2.6.3 Confusion table

Parse the clustering results and the taxonomic assignments results to build a "confusion table", with each species on one line and one column per OTU. Several OTUs can be assigned to the same species, but OTUs should not contain amplicons assigned to different species. Each cell of the table should contain the total number of reads (from that OTU and assigned to that species).

 #!/usr/bin/env python
# -*- coding: utf-8 -*-

"""
Parse taxonomic assignments and swarm results to produce a confusion
table.
"""

from __future__ import print_function

__author__ = "Frédéric Mahé <mahe@rhrk.uni-kl.fr>"
__date__ = "2013/09/21"
__version__ = "$Revision: 0.1"

# This program is free software: you can redistribute it and/or modify
# it under the terms of the GNU General Public License as published by
# the Free Software Foundation, either version 3 of the License, or
# (at your option) any later version.

# This program is distributed in the hope that it will be useful,
# but WITHOUT ANY WARRANTY; without even the implied warranty of
# MERCHANTABILITY or FITNESS FOR A PARTICULAR PURPOSE.  See the
# GNU General Public License for more details.

# You should have received a copy of the GNU General Public License
# along with this program.  If not, see <http://www.gnu.org/licenses/>.

import sys
from optparse import OptionParser


def option_parser():
    """
    Parse arguments from command line.
    """
    desc = """This program reads a table of taxonomic assignments and
    a swarm clustering file and outputs a confusion table (OTUs vs
    taxonomic assignments)."""

    parser = OptionParser(usage="usage: %prog -t FILENAME -s FILENAME",
                          description=desc,
                          version="%prog version 0.1")

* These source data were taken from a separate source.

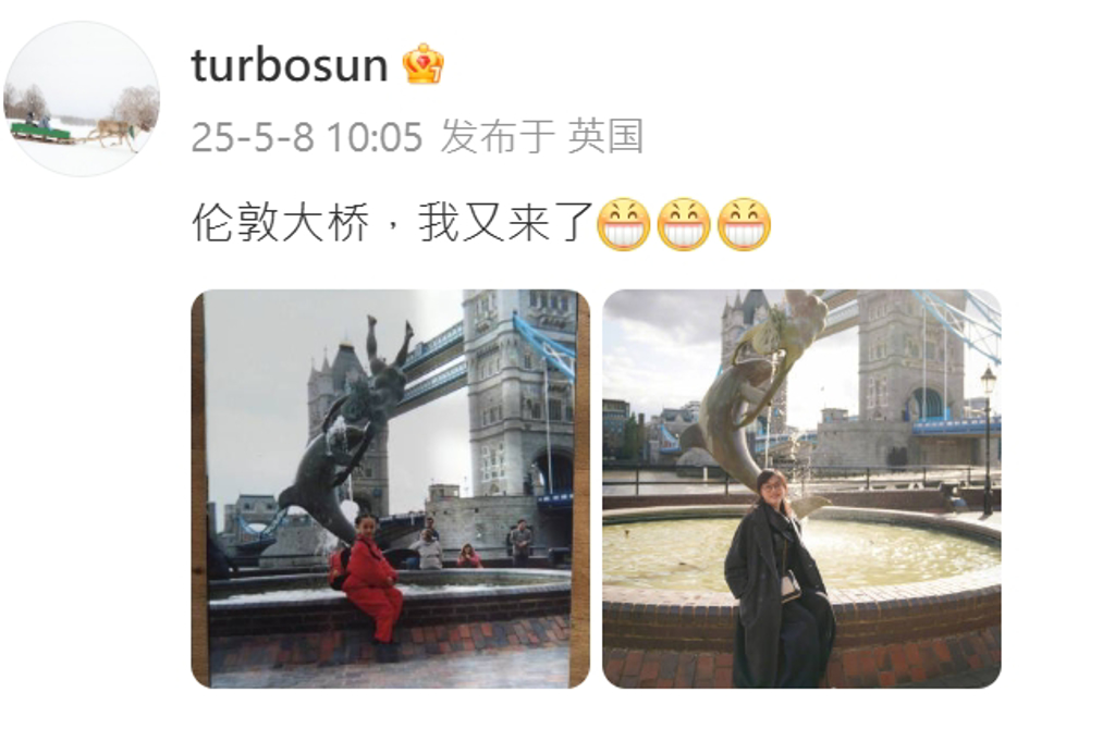 ▲孫儷5月初在微博曬出兩張倫敦塔橋照片。(圖/翻攝自孫儷 微博)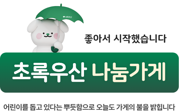어린이를 돕는 가게, 초록우산 나눔가게에 오신 것을 환영합니다.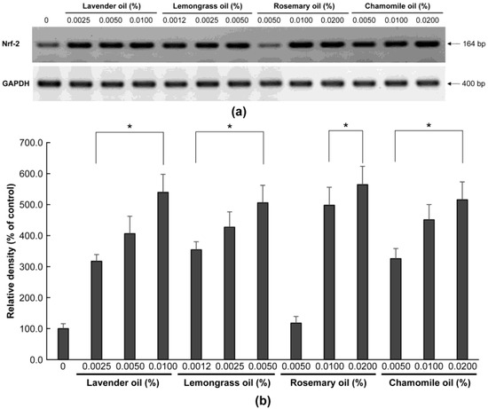 Dose-dependent induction of NRF-2 mRNA expression in essential oils-treated DPC. (a) The DPCs were treated with lavender oil (0.025–0.01%), lemongrass oil (0.0012–0.005%), rosemary oil (0.005–0.02%), or chamomile oil (0.005–0.02%). GAPDH was used as an internal standard to quantify the loading dose of mRNA. The figure shows representative results of triplicate RT-PCR experiments. (b) NRF-2 mRNA level is quantified by densitometric analysis * p < 0.05.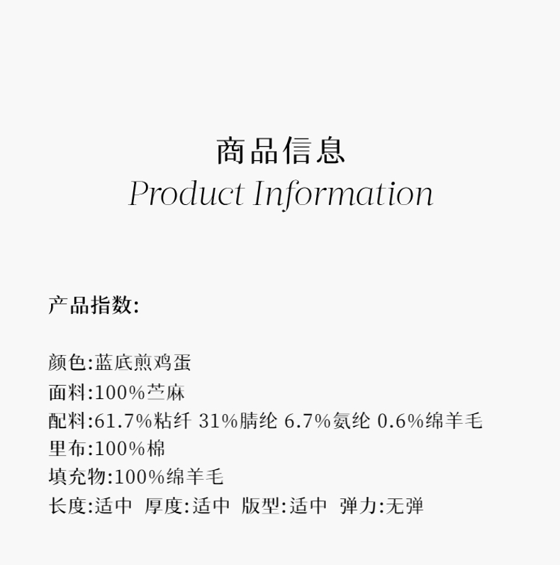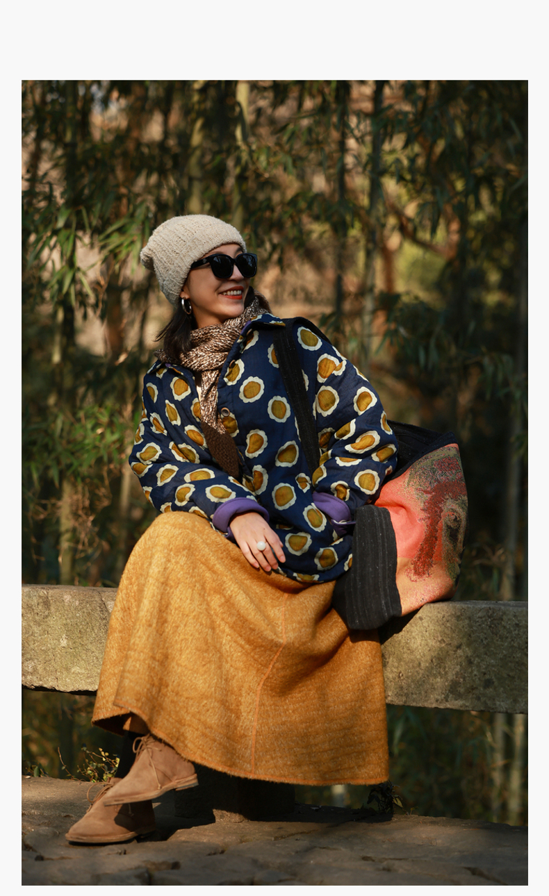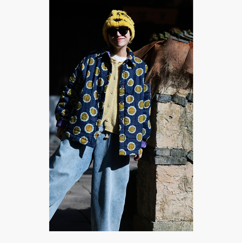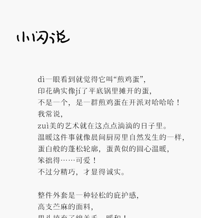 Petit Schan小闪 CLO#1028 Fried eggs 煎鸡蛋 高支苎麻印花绵羊毛厚外套

    parser.add_option("-t", "--taxonomic_assignments",
                      metavar="<FILENAME>",
                      action="store",
                      dest="taxonomic_assignments",
                      help="set <FILENAME> as input.")

    parser.add_option("-s", "--swarm_OTUs",
                      metavar="<FILENAME>",
                      action="store",
                      dest="swarm_OTUs",
                      help="set <FILENAME> as input.")

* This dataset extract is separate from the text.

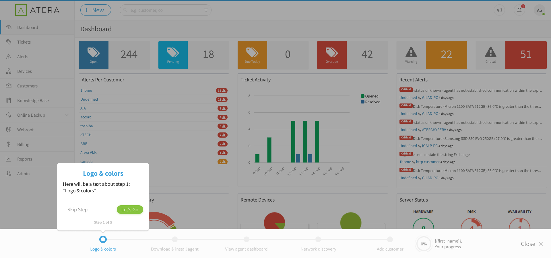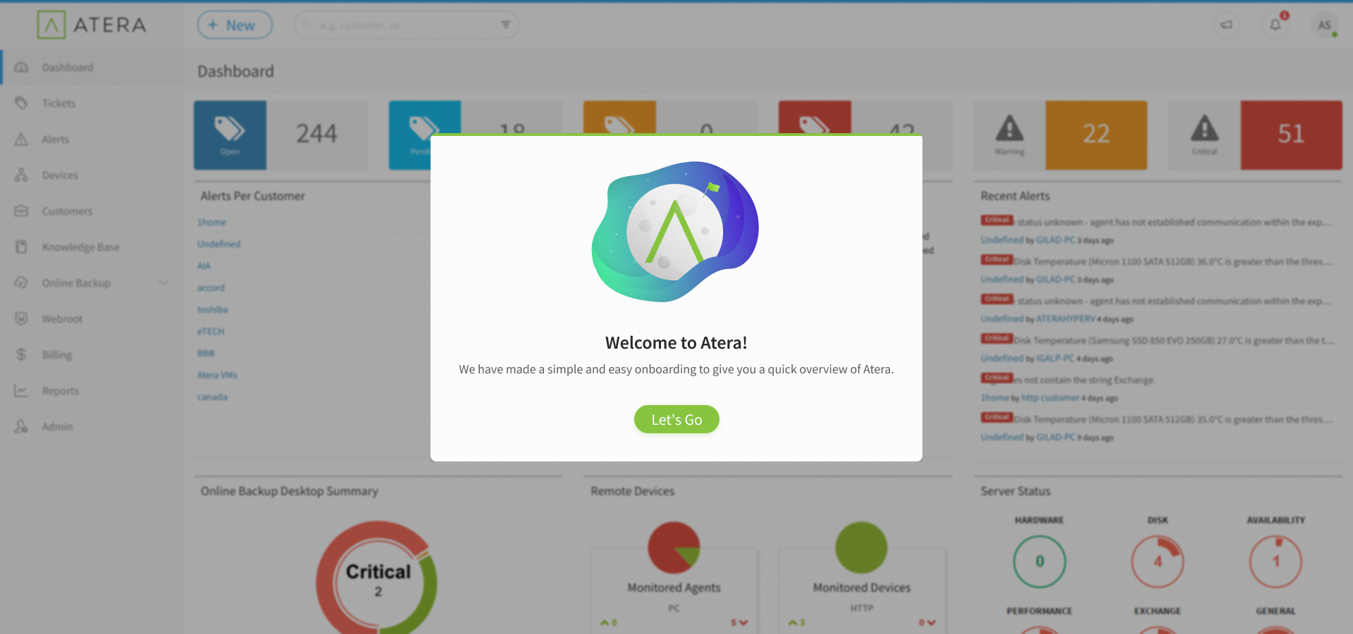 Our service to Atera included redesigning their entire web app, with the goal of creating more efficient processes within the product.

    (options, args) = parser.parse_args()
    return options.taxonomic_assignments, options.swarm_OTUs


def parse_taxonomy(taxonomic_assignments):
    """
    Parse taxonomy assignments
    """
    amplicon2taxonomy = dict()
    taxa = ["Unassigned"]
    with open(taxonomic_assignments, "rU") as taxonomic_assignments:
        for line in taxonomic_assignments:
            amplicon, taxon = line.split()[0:2]
            amplicon, abundance = amplicon.split("_")
            amplicon2taxonomy[amplicon] = (abundance, taxon)
            taxa.append(taxon)
    return amplicon2taxonomy, taxa


def dereplicate_taxa(taxa):
    """
    Dereplicate taxa (list of unique taxon names, and initialized dictionary)
    """
    taxa_list = list(set(taxa))
    taxa_dict = dict(zip(taxa_list, [0] * len(taxa_list)))
    return taxa_list, taxa_dict


def OTU_parser(taxa_dict, taxa_list, amplicon2taxonomy, amplicons):
    """
    Parse each OTU and output one line of the confusion table.
    """
    for amplicon in amplicons:
        try:
            amplicon, abundance = amplicon.split("_")
        except ValueError:
            amplicon, abundance = amplicon, 1
        try:
            abundance, taxon = amplicon2taxonomy[amplicon]
        except KeyError:
            taxon = "Unassigned"
        taxa_dict[taxon] += int(abundance)
    OTU_abundance_per_taxa = [str(taxa_dict[taxon]) for taxon in taxa_list]
    return OTU_abundance_per_taxa


if __name__ == '__main__':

    ## Parse command line arguments
    taxonomic_assignments, swarm_OTUs = option_parser()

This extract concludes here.